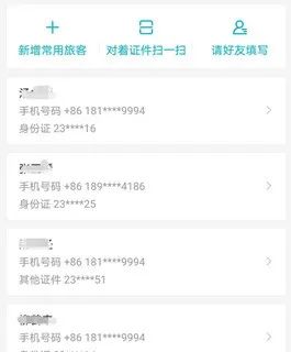 前面也提到,犯罪分子精心设计的这么一套犯罪脚本,在身份信息获取这种比较容易的环节上,一定是会有备用方案的,目前据我所知的在获得短信权限的情况下比较容易获取的如各类连锁酒店APP(如华住、锦江)、商旅订票类(如去哪儿),这些包含身份证信息的APP和网站,对于身份证号码信息的泄露风险并不是说不知道,只是在业务的“用户体验”面前,安全已经不算个问题了,毕竟我这种案件的数量还是不多。以去哪儿为例,在常用旅客列表中,对身份证信息进行了屏蔽显示,但点击进入信息编辑界面时就明文展示了:
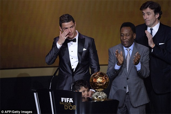 Ronaldo bật khóc trong lễ trao giải Quả bóng vàng FIFA 2013. Ảnh: AFP/Getty Images.
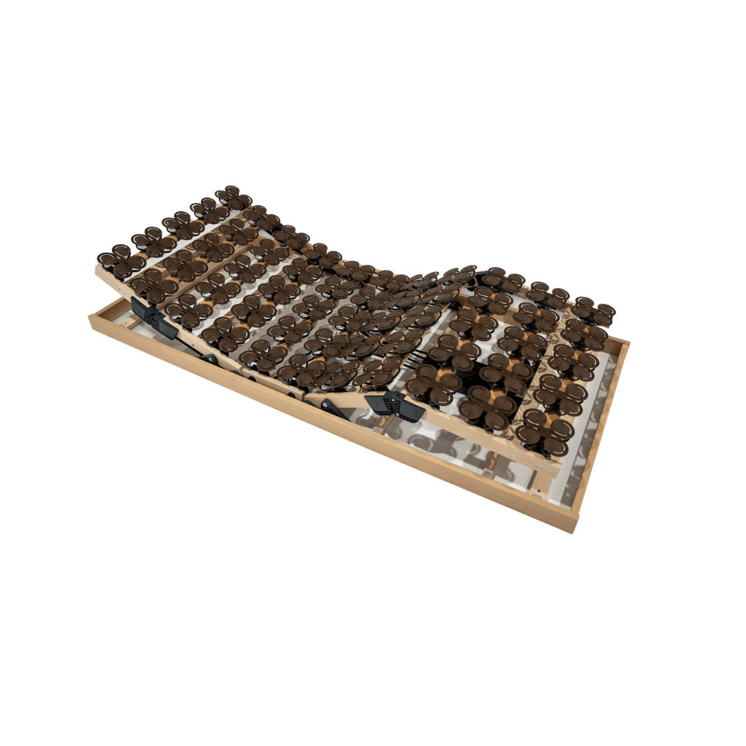 De Orthoflex elektrische bedbodem combineert natuurlijke materialen met modern comfort. Deze hoogwaardige bedbodem is vervaardigd uit massief berkenhout en voorzien van duurzame plaatveren met een speciale houtvezelhoudende samenstelling, waardoor de bodem zich soepel en nauwkeurig aanpast aan de contouren van je lichaam.
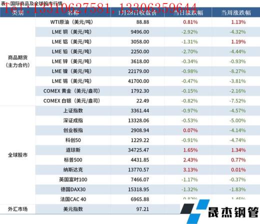 金融市場:本周主要商品期貨品種多下跌,其中黃金大跌8.27%;全球股市中,中歐股市基本下跌,美國股市跌后反彈;美元指數97.21,上漲1.65%。
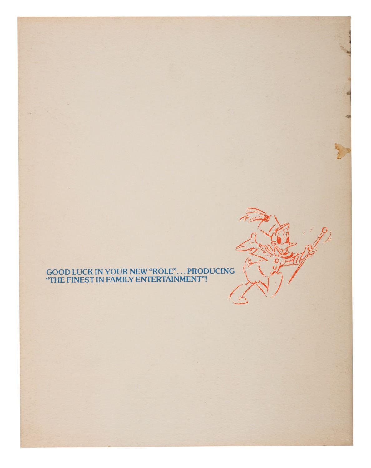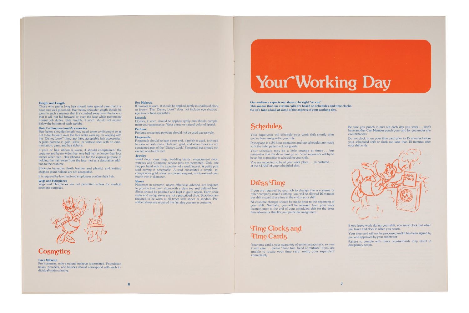 (Disneyland, 1979) An orientation booklet issued to new cast members titled Disneyland & You. The staple-bound 20-page guide introduces new hires to the "Disney Way" and features reminders on grooming standards, stage presence, company taboos, cast benefits, activities, and more. Measuring 11"x8.5", the booklet is in good condition with spots of discoloration along spine and throughout, and minor wear to the cover.
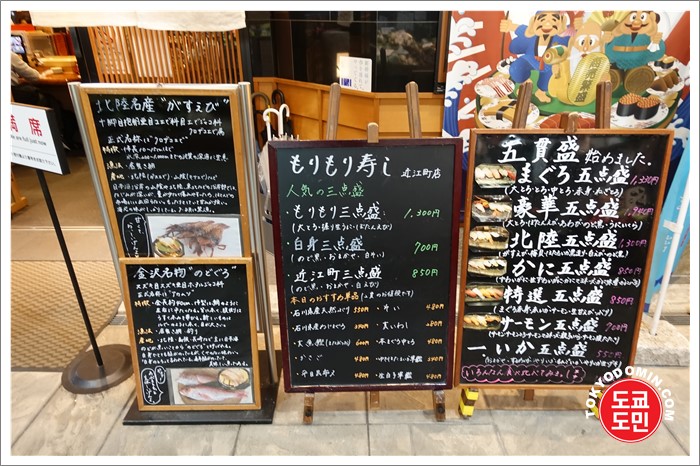 그중에서도 가나자와 관광지 중 한곳인 수산시장인 '오미초시장'내에 있는 '모리모리스시(もりもり寿司)'라는 회전초밥집에 먹으러 갔습니다.
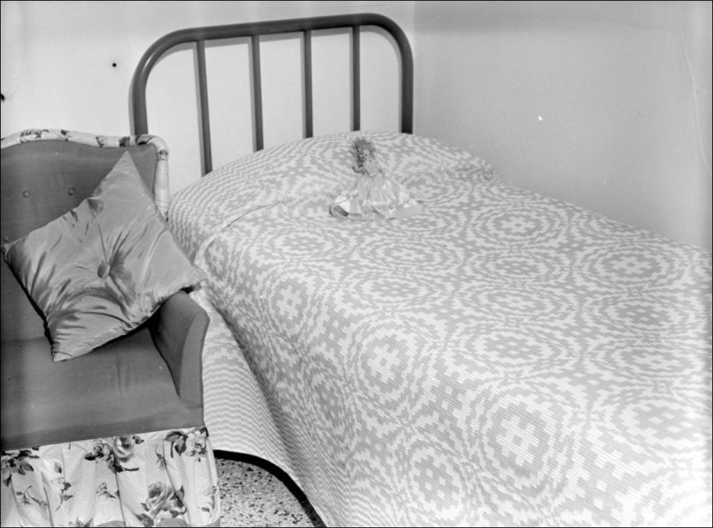 - Il s'agit de produits tissés par les étudiantes de l'École supérieure d'enseignement ménager des Soeurs de Sainte-Anne. Nous apercevons une couverture sur un lit (E6,S7,SS1,P200767), des ceintures fléchées (E6,S7,SS1,P200768), un étoffe sur la machine à tisser (E6,S7,SS1,P200773), des serviettes et un livre intitulé «La Ferme» (E6,S7,SS1,P200772). Une étudiante est dans sa chambre (E6,S7,SS1,P200771)
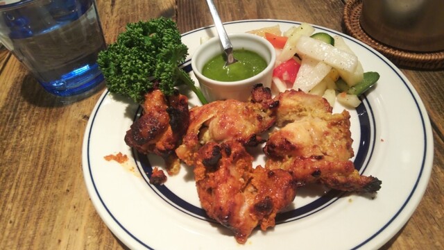 外はカリッ、中はジューシーなタンドールチキンに香辛料、レモン汁をかけて、カラフルなピクルスを付け合せていただく。
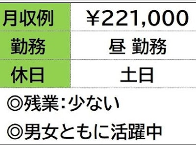 ☆月収例 221,000円♪ 【所定157.5h×1300円+残業10h×1625円】

:::::

The answer is the lines above from the one with "그중에서도 가나자와 관광지" to the one with "- Il s'agit", set down exactly, with no pictures.

 그중에서도 가나자와 관광지 중 한곳인 수산시장인 '오미초시장'내에 있는 '모리모리스시(もりもり寿司)'라는 회전초밥집에 먹으러 갔습니다.
 - Il s'agit de produits tissés par les étudiantes de l'École supérieure d'enseignement ménager des Soeurs de Sainte-Anne. Nous apercevons une couverture sur un lit (E6,S7,SS1,P200767), des ceintures fléchées (E6,S7,SS1,P200768), un étoffe sur la machine à tisser (E6,S7,SS1,P200773), des serviettes et un livre intitulé «La Ferme» (E6,S7,SS1,P200772). Une étudiante est dans sa chambre (E6,S7,SS1,P200771)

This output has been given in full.